We meet every Monday at 17:00 in the MBG II room, at the Science Faculty. Bring your computer. We will use R and Python, and discuss the mathematics behind the tools.

The idea is to follow the book “Hands-On Machine Learning with Scikit-Learn and TensorFlow” by Aurélien Géron, and some exercises in R. We will also discuss some of the underlaying mathematical theory, so we can really understand the tools.
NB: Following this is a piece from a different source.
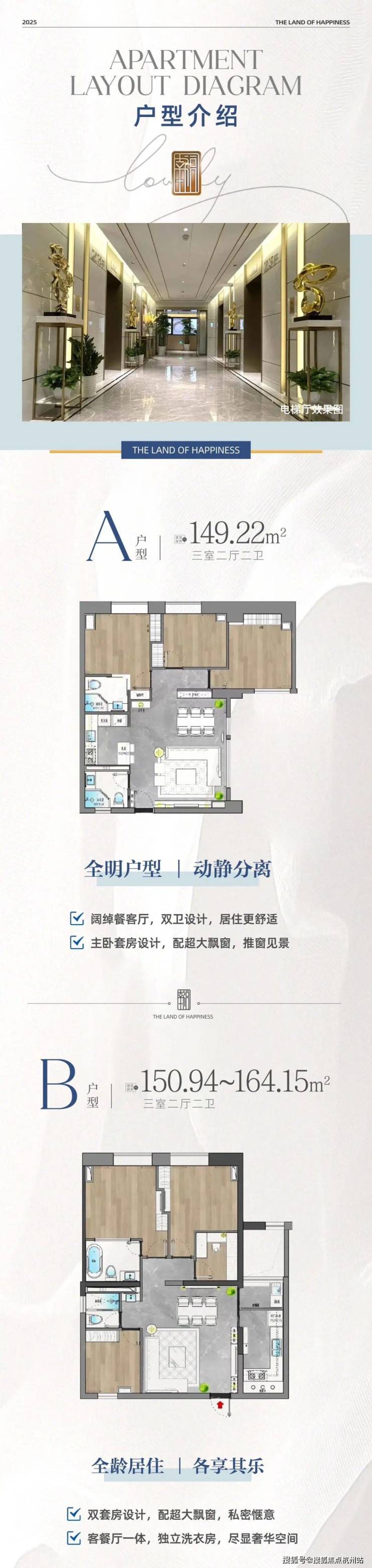 149㎡/164.15㎡大三房:阔绰尺度,主卧套房设计,多飘窗,景观视野佳,适合改善家庭,一步到位内环改善。

You can preview the book on Google Books. I will keep a little library of books on the bookshelf in my office, so anybody can check them. They include books about Python and computing techniques, some math books about Pattern Recognition and Classification, and something about the ethical and philosophical implications of Machine Learning.

Topics

This is the initial plan. We may add more topics later, inspired by the textbook table of contents.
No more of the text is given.